ECE2006 Poster Presentations Diabetes, metabolism and cardiovascular (174 abstracts)
Centre for Endocrine and Diabetes Sciences, Wrexham Academic Unit, Wales College of Medicine, Cardiff University, Wrexham, United Kingdom.
Tissue kallikrein is a serine protease involved in the generation of kinins in kidneys, colon, salivary glands, pancreas and blood vessels which have vasodilator roles and influence ion transport. Abnormal renal synthesis and urinary excretion of tissue kallikrein have been linked to diabetes and hypertension. This studys objective was to produce mAbs against native forms of prokallikrein and active kallikrein in order to study the expression of tissue kallikrein in different cell culture conditions and patient samples.

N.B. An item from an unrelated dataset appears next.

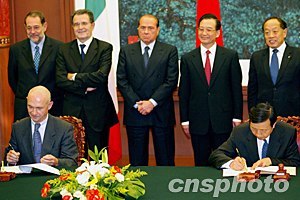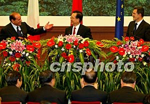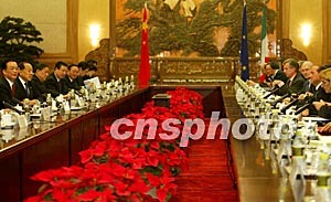 中欧领导人第六次会谈三十日在北京举行。中国国务院总理温家宝、欧洲理事会主席意大利总理贝卢斯科尼、欧盟委员会主席普罗迪等出席会谈。郑萍萍 摄

A full-length cDNA encoding human tissue kallikrein (hK1) from a human colon carcinoma cell line (T84) was cloned into mammalian expression vector pcDNA5/FRT/V5-His and stably transfected into HEK-293. The transfected HEK-293 cells were adapted to grow in serum-free suspension culture. These cells synthesised and released inactive prokallikrein into the medium. Prokallikrein was activated by treatment with trypsin or thermolysin. Recombinant hK1 was identified by Western blot analysis with a band of approximately 50 kDa using a rabbit anti-hK1 antibody. Transfected prokallikrein in HEK-293 cells were localised to the cytoplasm with a granular distribution by immunostaining with anti-his tag mAb and rabbit anti-hK1 antibody. Prokallikrein and active kallikrein were purified and used to immunise mice. Following lymphocyte and myeloma fusion, resultant hybridomas were screened and a panel of mAbs selected. In sandwich ELISA, all mAbs recognised transfected prokallikrein and active kallikrein in HEK-293 cells. In immunofluorescence microscopy, these mAbs recognised transfected and endogenous hK1 in the cytoplasm of HEK-293 cells, showing the same localisation as the rabbit anti-hK1 antibody.
Following further characterisation, these new mAbs against native hK1 will be useful tools to study hK1 expression and function.